Sandy Harbutt’s STONE – An Ozploitation Legacy!
Despite having only directed the one film in his career, Sandy Harbutt remains a revered figure in the Australian film industry. Harbutt’s 1974 feature STONE was a box-office hit, in fact it’s one of the most profitable films in the history of Australian cinema. A clear inspiration for George Miller’s MAD MAX, which granted Miller international recognition, STONE’s gritty and realistic representation of “bikies” is what made it such an accessible film for many Australian motorcyclists.
While Miller has had an expansive film career following MAD MAX, Harbutt tragically failed to make a sophomore feature due to financing difficulties. While never explicitly expressing bitterness, it’s clear in other interviews with Harbutt that he felt this disparity of cinematic accomplishment.
Mark Hartley, project manager and executive producer of Umbrella Entertainment’s Ozploitation Classics release of STONE, and director of the documentary NOT QUITE HOLLYWOOD, hypothesised that Sandy “might have felt that George got all the kudos, where [Sandy] went there first.”
“MAD MAX made a splash all around the world and elevated George Miller [who] is considered one of the greatest filmmakers of the twentieth century now when it comes to genre cinema” Hartley states. “Sandy is a very heroic figure in the Australian film industry [but] also a very tragic figure in the way that he only made one film. Stone is his legacy. When he saw George and these other directors making film after film after film, I’m sure that was pretty crushing for him.”
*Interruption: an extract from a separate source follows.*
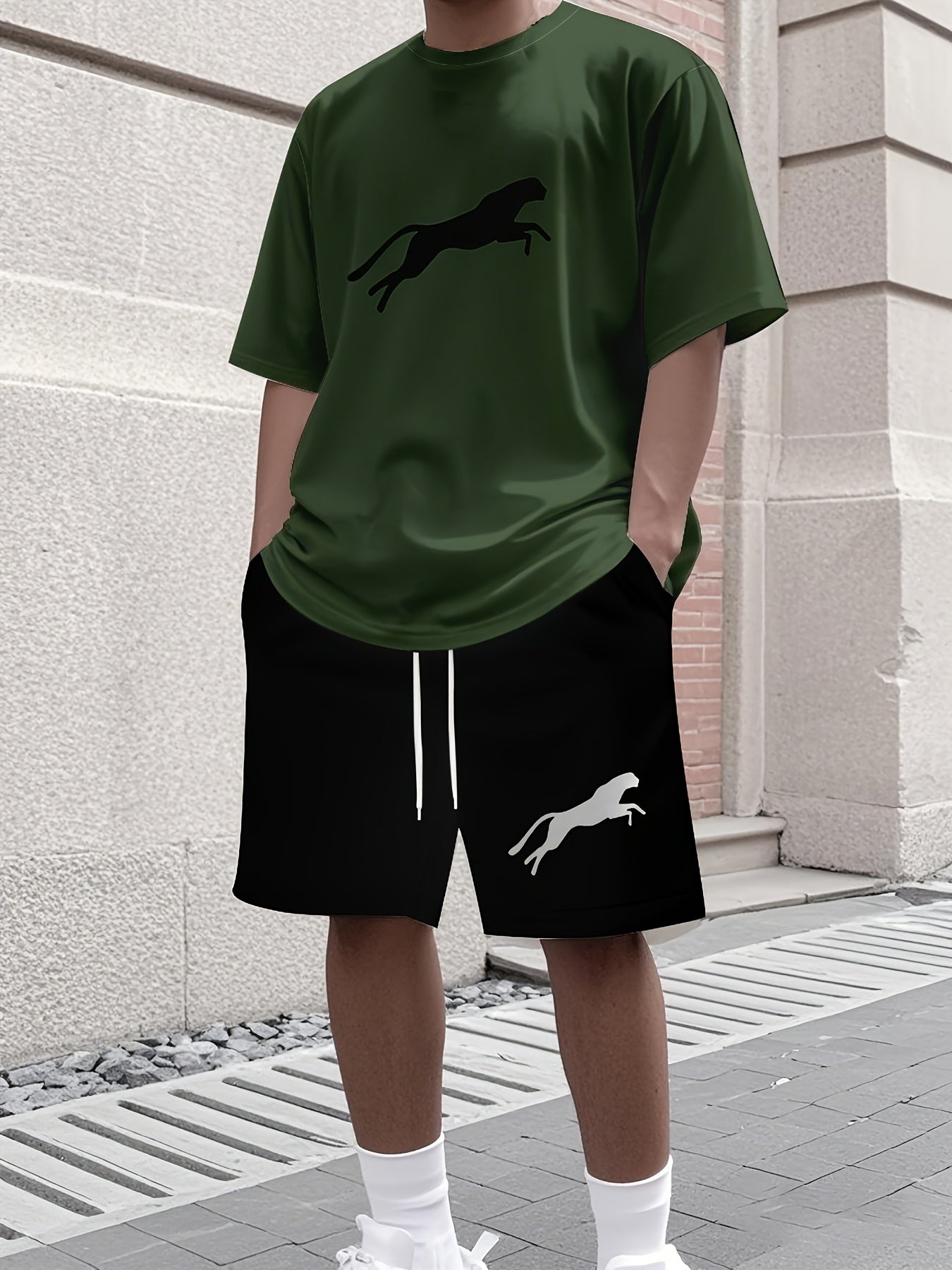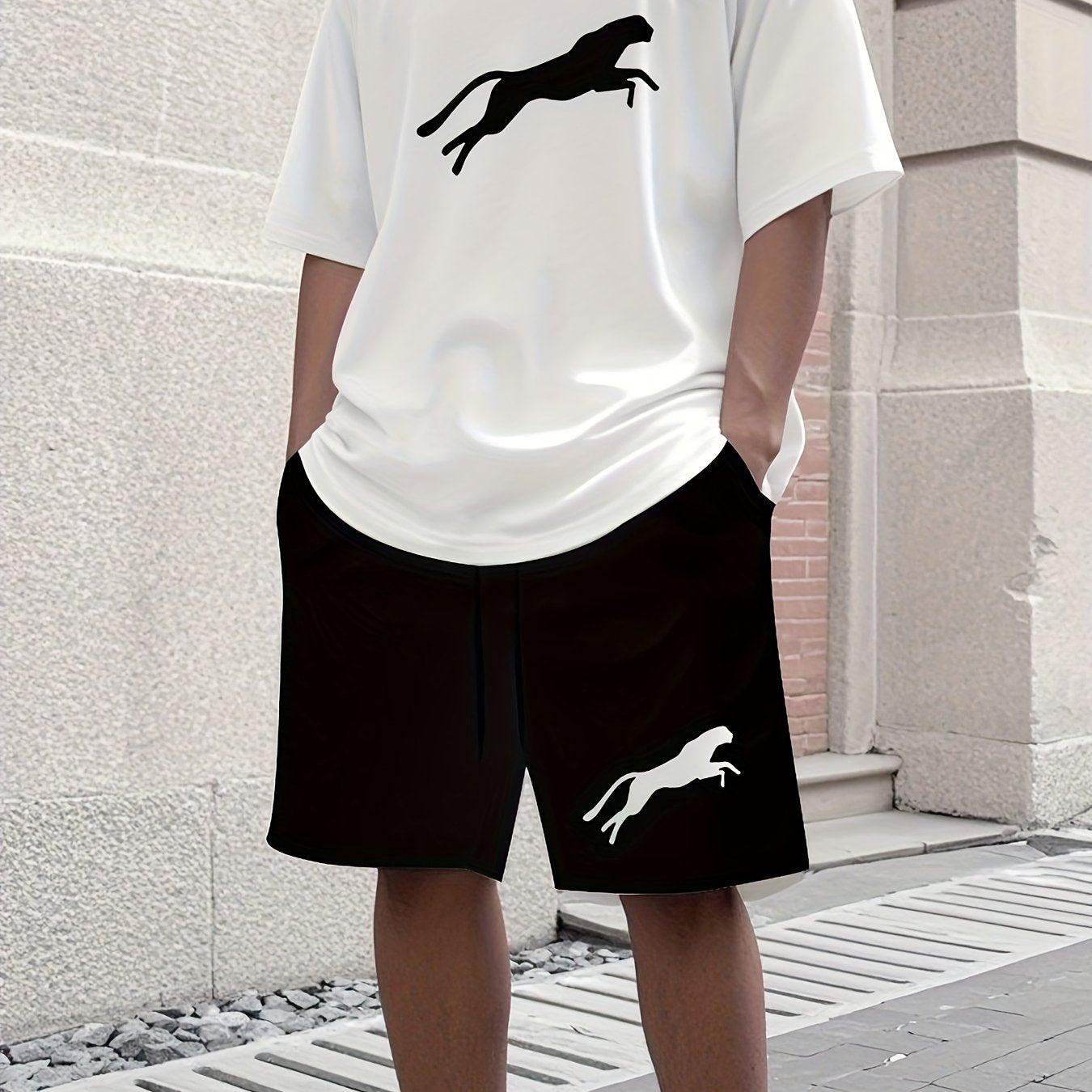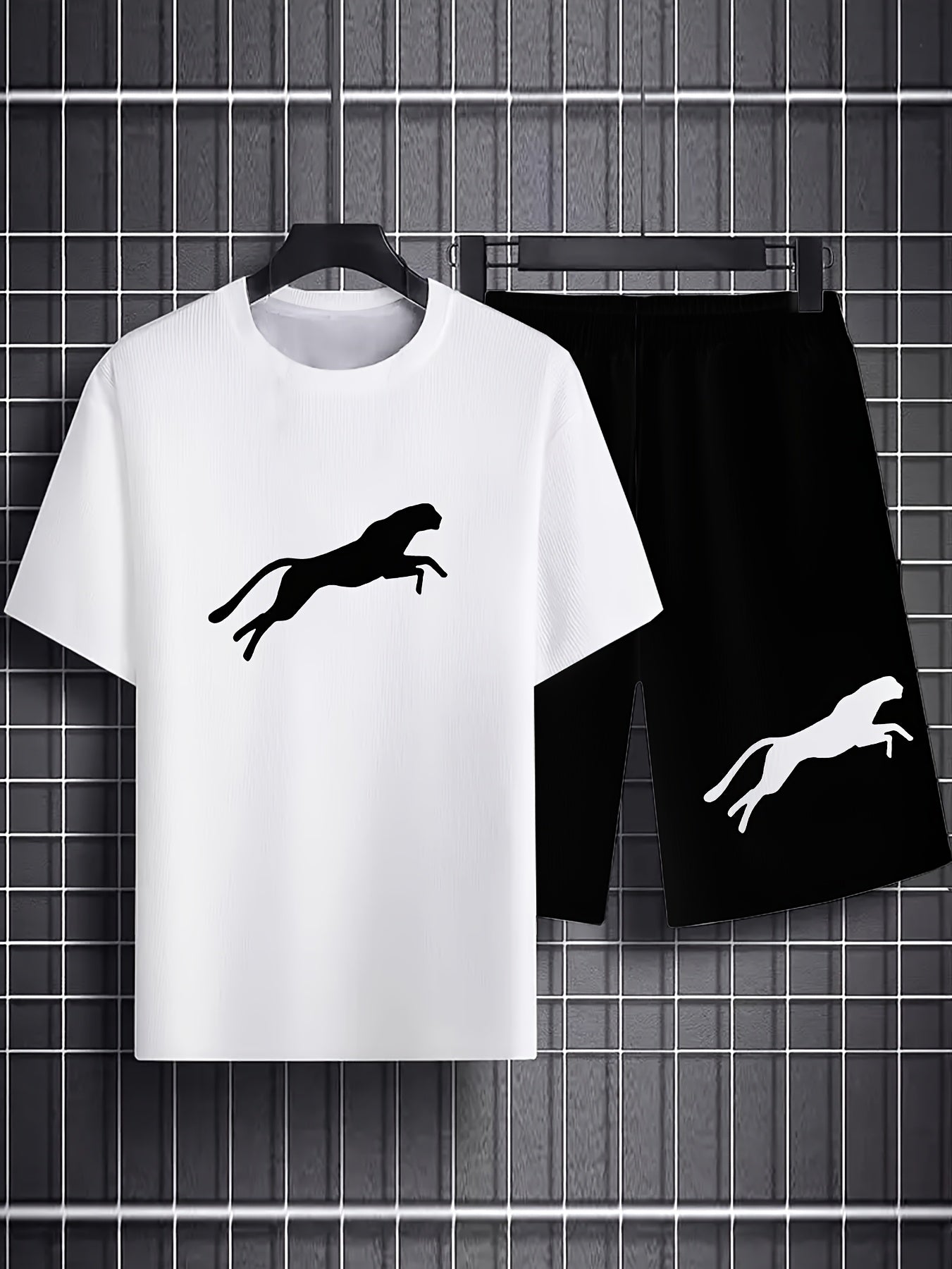 Leopard Print 3D Printed Men's Casual Sportswear Set - Breathable Polyester Knit Fabric, Crew Neck Short Sleeve T-Shirt and Shorts Combo, Regular Fit for All Seasons

A fundamental reason for Harbutt’s lack of funding, according to Hartley, was that “he didn’t play safe”. Hartley claims that STONE’s producer, David Hannay, admitted in an interview for NOT QUITE HOLLYWOOD that Sandy “scared people” – including funding bodies.
“You have to play safe with those people if you want to get your films made” Hartley clarifies. “And Sandy obviously didn’t play safe. He might not have had the temperament to [deal] with the way films needed to be financed back then, post-STONE.”
Confirming Harbutt’s intense nature, actor Roger Ward, who played Hooks in STONE, states that Harbutt was “very aggressive and very proactive.”
“He was a biker himself” Ward explains. “He rode in the film itself and [was] very aggressive towards his actors [because] a lot of the actors were inexperienced. They were bikers; they weren’t even actors. Sandy was like a sergeant major, or even worse than that, and ruled the hell out of them!”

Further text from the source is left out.